For our featured hunk today, Alan Sang, 26, struggling with mental health was something he experienced growing up as a gay man in New Jersey in the United States. Having worked through his issues, he said, he is now much more aware of the need to discuss the subject of mental health openly – especially among gay men.

“Having suffered from mental health issues when I was younger, and having worked through them, I feel I have gained a better appreciation for the subject and am more aware of the need to destigmatize it,” he said.

Name: Alan Sang
Age: 26
Height/Weight: 177cm/77kg
Nationality/Ethnicity: Chinese-American
Home: New Jersey

Now in school to become a medical doctor, Alan said he is keen to pursue psychiatry as one of his areas of specialisation. In fact, he chose the subject of mental health as one of his recent research projects, because he wanted to “make it personal,” he said.

His research paper was on the effects of television on LGBTQ+ mental health, and LGBTQ mental health in general.

“Media in all different forms plays a role in how people view the world and themselves, and everyone can relate to it. TV shows in particular are fun to analyze and there are a lot of interesting shows out there. Apart from making the research more personal, I wanted to focus on LGBT shows and mental health to raise awareness of issues present in LGBT populations.”

Here’s my interview with Alan. Hope you enjoy!

Thanks so much for joining us on our website, Alan. Can you tell us more about your research paper on the LGBTQ community and mental health?

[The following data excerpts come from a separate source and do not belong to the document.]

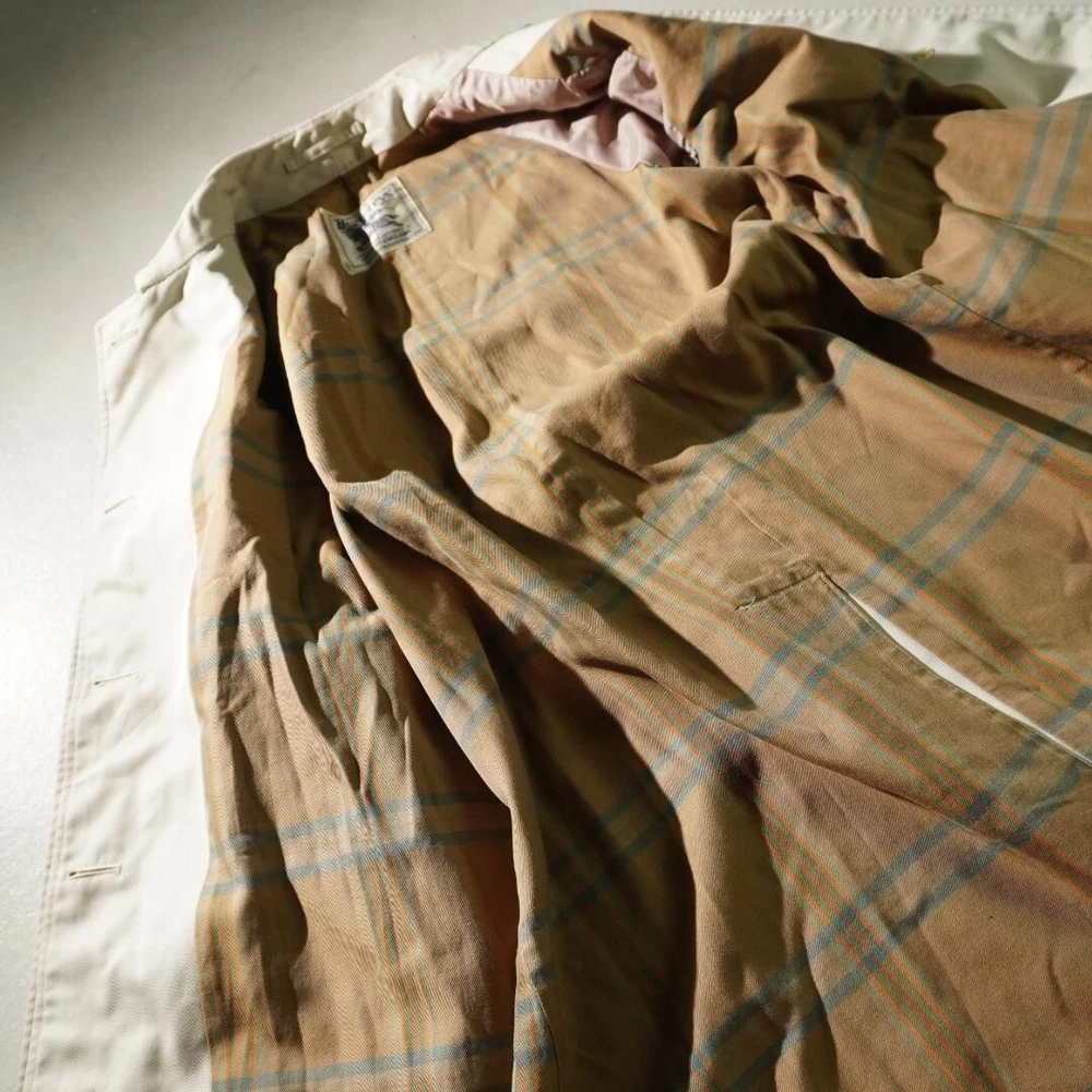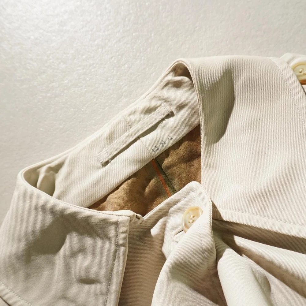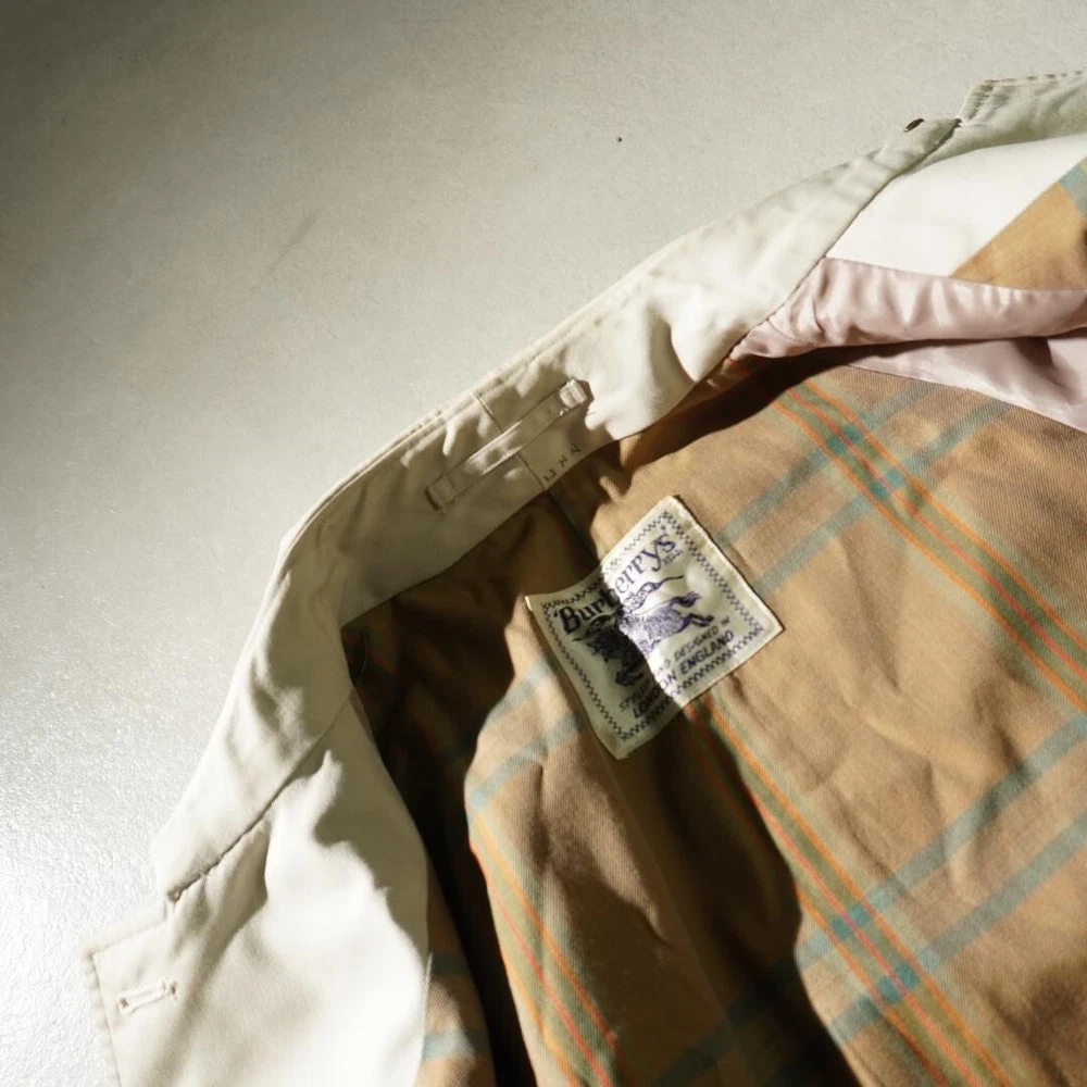 Warmth Weight: NA Garment Care: NA Size: Free Personalize: No Theme: NA Pattern: Check Collar Style: NA Handmade: No Style: Trench Coat Lining Material: NA Fit: Slim MPN: NA Accents: Button Chest Size: 35.4 in Closure: Button Outer Shell Material: NA Insulation Material: NA Features: Belted, Collared Season: Fall, Spring, Winter Type: Coat Occasion: Business, Casual, Travel Model: NA Performance/Activity: Walking gtin13: Does not apply Jacket/Coat Length: 35.8 in Fabric Type: NA Size Type: Regular Department: Men Vintage: No Product Line: NA Color: Beige UPC: Does not apply Brand: Burberry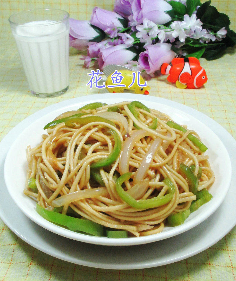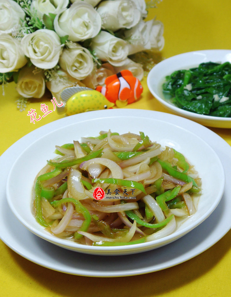 3:锅烧热放少许油,倒入青椒和洋葱加少许盐和生抽调味,翻炒几下即可。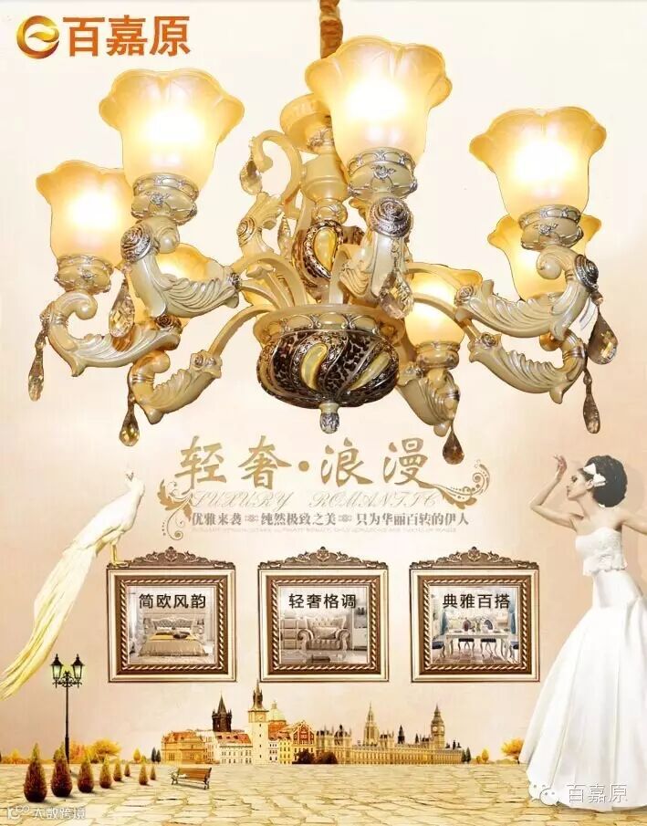欧式仿玉吊灯富丽堂皇,比较有层次感,富有理性主义。主要出现在比较华丽、高贵的场所。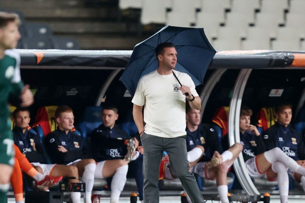 Η αναμέτρηση του Παναθηναϊκού με την Γκόου Αχέντ Ίγκλς στο ΟΑΚΑ είχε το δικό της… ιδιαίτερο στιγμιότυπο, το οποίο έκλεψε την παράσταση. Με το που ξεκίνησε να βρέχει στα πρώτα λεπτά του αγώνα, ο προπονητής των φιλοξενούμενων, Μέλβιν Μπόελ, έβγαλε την ομπρέλα του και στάθηκε όρθιος στη γραμμή, παρακολουθώντας έτσι την εξέλιξη της αναμέτρησης.
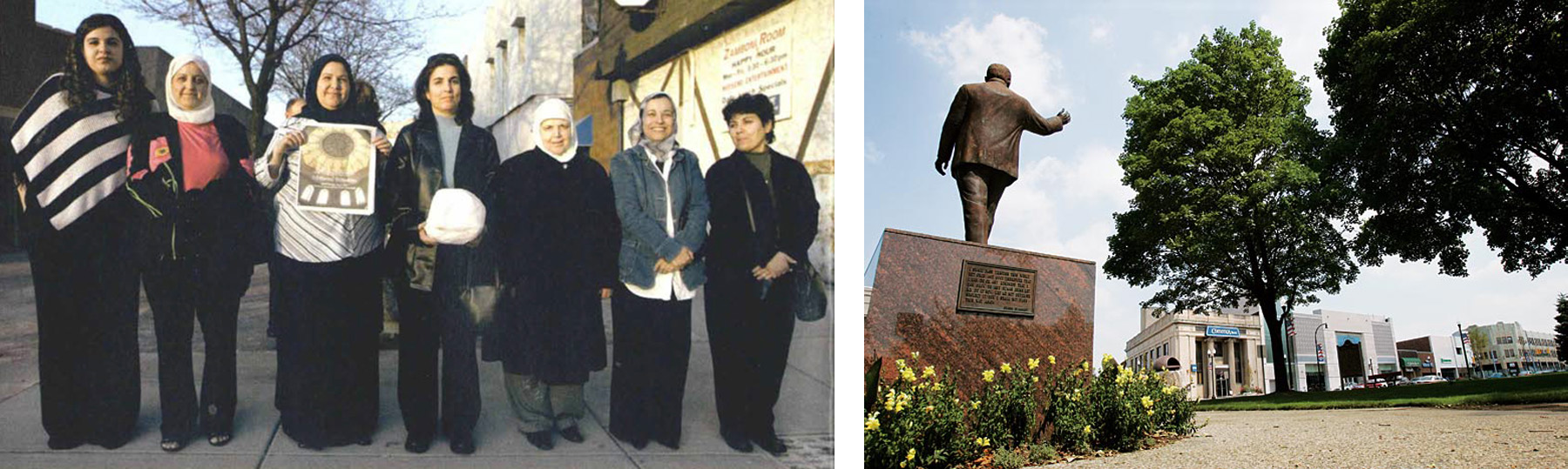 Left: Seven women who came to the museum’s opening by bus from Chicago pose on the street before heading home. Right: A statue of former Deaborn mayor Orbille Hubbard that stands in front of City Hall now appears to gesture across the street to the Arab American Museum.

Sure! The paper is on the effects of LGBTQ+ television shows on self-identity and mental health within young adult LGBTQ+ populations. In addition to exploring the negative effects that the lack of racially diverse LGBTQ+ representation in media has on LGTBQ+ individuals, I delved into many of the mental health disparities that exist among racial groups within the LGBTQ+ community. 

That’s so interesting! What were some of the significant findings you found with regards to race and ethnicity?

There were many interesting findings when looking at race and ethnicity. One is that gay youths of colour – which include Asians – have higher rates of suicidal ideation, planning and attempts, and attempts treated by a health care professional compared to gay White youths.

Another is that alcohol use among gay men of colour is associated with previous experiences of racism and sexual objectification, and is greater than that seen in gay White men. Also, it has been shown that gay Black men face the most racial-ethnic stigma in LGBTQ+ spaces while White sexual minority men experience the least, with Asian and Hispanic-Latino men in between. 

Can you tell us more about what you found with regards to gay Asian men, and more broadly the LGBTQ Asian community?

LGBTQ+ Asian Americans encounter intersectional stress and trauma created from cultural norms and stigma, interpersonal discrimination, internalised minority stress, and maladaptive coping and poor social support. All of that contributes to negative mental and sexual health outcomes in LGBTQ+ Asian Americans.

What were some of the interesting findings from your Instagram survey?

Another interesting finding is that LGBTQ+ individuals are 2.5 times more likely to be diagnosed with a mental disorder compared to heterosexual individuals.

Although more LGBTQ+ White respondents had symptoms compared to LGBTQ+ non-White respondents, more LGBTQ+ non-White respondents were diagnosed compared to LGBTQ+ White respondents. The most popular disorders being Generalized Anxiety Disorder (GAD), Major Depressive Disorder (MDD), and Post-Traumatic Stress Disorder (PTSD). 

Ok, last question! I heard you used to be a competitive swimmer! Is that how you got your physique and what are you doing these days to keep fit? Can you talk a little bit about how keeping fit helps with mental health?

I feel growing up swimming and then swimming competitively did build a good foundation in terms of health and physique. I grew up playing a lot of sports but nowadays, I mostly do cardio or lift to stay fit. Working out is a great way to help with mental health. It can help with anxiety and depression, build self-esteem, and thinking.